First, the sequence flanking the targeted genes was amplified with Phusion High-Fidelity DNA Polymerase (ThermoFisher Scientific, Waltham, MA), separated in 1% agarose gel and purified with QIAquick Gel Extraction kit (Qiagen, Hilden, Germany). Next, the matching pair of individual flanking fragments will be cycled without primers to hybridize the internal primer tails, followed with amplification of the entire deletion gene product with BP tailing primers. All primers were designed using Geneious Prime software. It is important for the BP tail primers to be present as they are required for cloning downstream. The complete deletion gene products are excised from 1% agarose gel and purified. These fragments are recombined into the entry vector pDONR207 using BP clonase (Invitrogen, Carlsbad, CA). Gentamicin-resistant clones with the correct fragment are combined into the destination vector pMTN1907 using LR clonase (Invitrogen, Carlsbad, CA).

Following this, kanamycin-resistant clones with the correct fragment undergo plasmid DNA purification using the QIAprep Spin Miniprep Kit (Qiagen, Hilden, Germany). The mutant plasmid is then electroporated into E. coli S17-1 cells. Kanamycin resistant colonies are screened by PCR and confirmed colonies are used as the mating donor in a biparental conjugation with the desired construct of PT23. Biparental mating mixtures were plated on KB supplemented with tetracycline and nitrofurantoin. Colonies are screened by PCR and confirmed colonies are incubated overnight in KB broth amended with tetracycline. The overnight cultures are serial-diluted and plated onto KB amended with 5% (wt/vol) sucrose. Mutants retaining the desired deletion are confirmed by tetracycline sensitivity and PCR verified using gene specific primers to harbor a fragment of reduced size compared to the wild-type strain of KLH279.

Pairing knockouts with sensitive target strains: Supernatants from knockouts, KLH297+A & KLH279+B, containing one bacteriocin will be collected and soft agar inhibition test will be performed against the 56 strains of pto to pair the triple KO strains with their respective sensitive counterpart. Due to delays because of the pandemic and the time consumed pursuing the added objective this work is being conducted under a grant obtained from an ARFI-USDA NIFA Predoctoral fellowship and is still ongoing.

Mutant Selection: Once the bacteriocin producing strain has been paired with the bacteriocin sensitive strain, then selection of bacteriocin mutants by mixing 50uL of the susceptible strain in log phase grown in KB 50uL of supernatant supernatant extracted from the 4 KO strains in a microcentrifuge tube (using a sterile KB as a control). After, vortexing the tube for 10 seconds I will let the supernatant incubate for 30 minutes at room temperature vortexing for an additional 10 seconds every 10 minutes. Following incubation, a 1/10 serial dilution series by spotting the mixture onto non-selective KB plate. Then the dilution will incubate on the plate at 26 degrees C for 24-48 hours. Finally, individual resistant colonies should emerge at one of the dilution points and will be picked and whole genome sequenced using Illumina to identify genetic mutations that indicate resistance by comparing the mutants to the wild type whole genome sequences that were assembled in April of 2020Due to delays because of the pandemic and the time consumed pursuing the added objective this work is being conducted under a grant obtained from an ARFI-USDA NIFA Predoctoral fellowship and is still ongoing.
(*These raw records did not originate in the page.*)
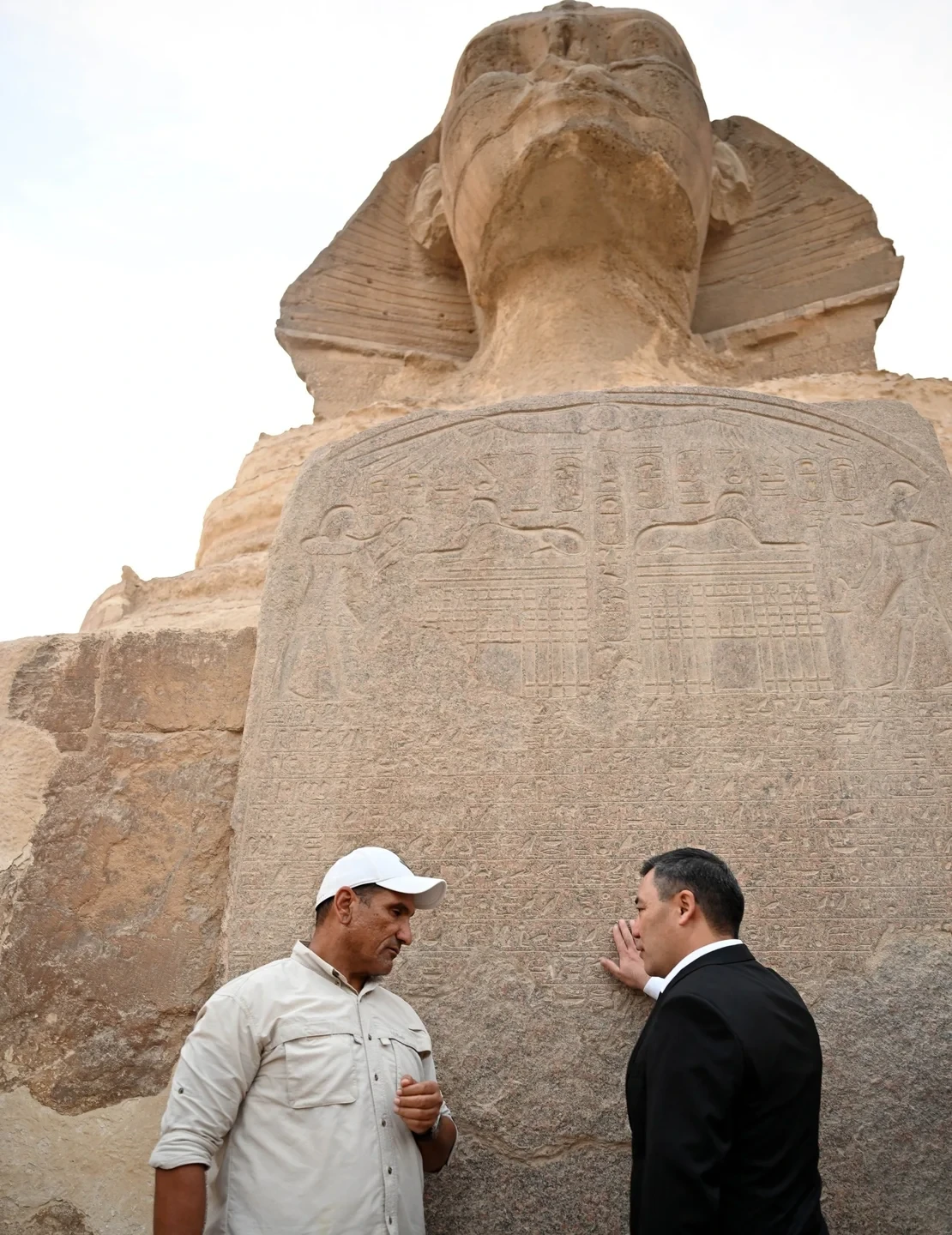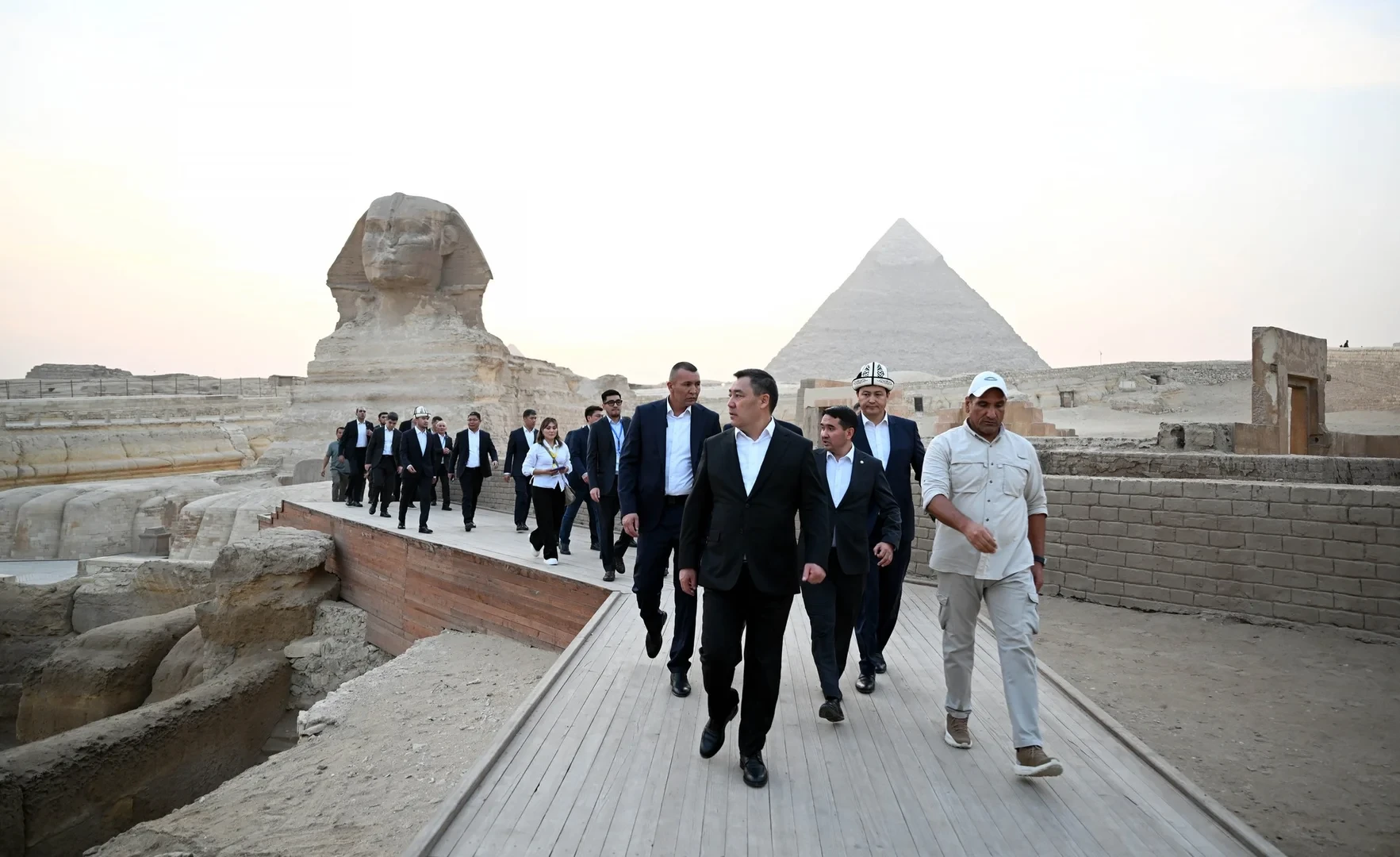 В ходе своего официального визита в Египет, президент Кыргызстана Садыр Жапаров посетил знаменитые пирамиды на плато Гизы, которые являются одним из семи чудес Древнего мира. Во время экскурсии ему рассказали о процессе строительства этих величественных сооружений, символизирующих инженерное мастерство Древнего Египта. Также президент смог войти в пирамиду Хеопса, самой крупной и древней из трех основных пирамид, построенной около 2600 года до н.э. в качестве гробницы для фараона Хеопса.
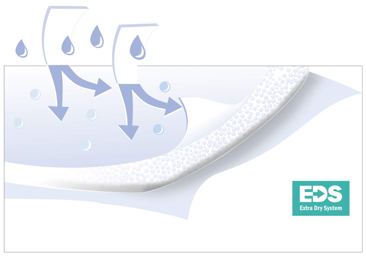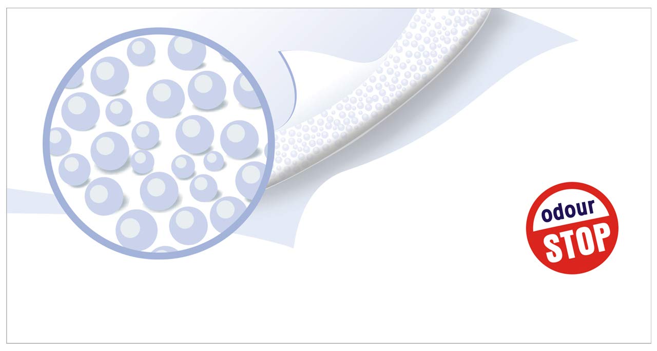 - Absorbējošs spilventiņš ar superabsorbentu - droši saistās ar šķidrumiem un neitralizē smakas, paaugstināta aizsardzība īpaši aktīviem cilvēkiem
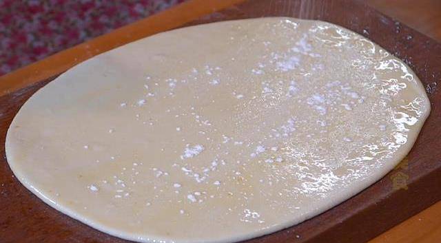 3,把揉好的面不用醒发,直接擀成薄饼,刷上一层食用油,撒上一点食盐涂抹均匀,再撒上一点干面粉。从一边卷起切成大小均匀的小剂子。

Microbial Community Collections: Two plant communities plant selected microbial communities 1 month prior to the start of objective 3, collected and kept at 4°C for the experiments to be performed for this project in 2021 and 2022. Leaf microbial community samples will be taken from tomato plants grown at the Pennsylvania State University research farm that are not undergoing experimental treatment in another study will be harvested for their and from communities on leaves from a non-agricultural native plant at least 500 feet away from managed land. Then they will be stored for no longer that 1 month at 4°C, before they will be dried in a drying oven at 25°C and fragmented by grinding the plant material finely with a mortar and pestle. Due to delays because of the pandemic and the time consumed pursuing the added objective this work is being conducted under a grant obtained from an ARFI-USDA NIFA Predoctoral fellowship and is still ongoing.

OBJECTIVE THREE: Due to delays because of the pandemic and the time consumed pursuing the added objective this work is being conducted under a grant obtained from an ARFI-USDA NIFA Predoctoral fellowship and is still ongoing.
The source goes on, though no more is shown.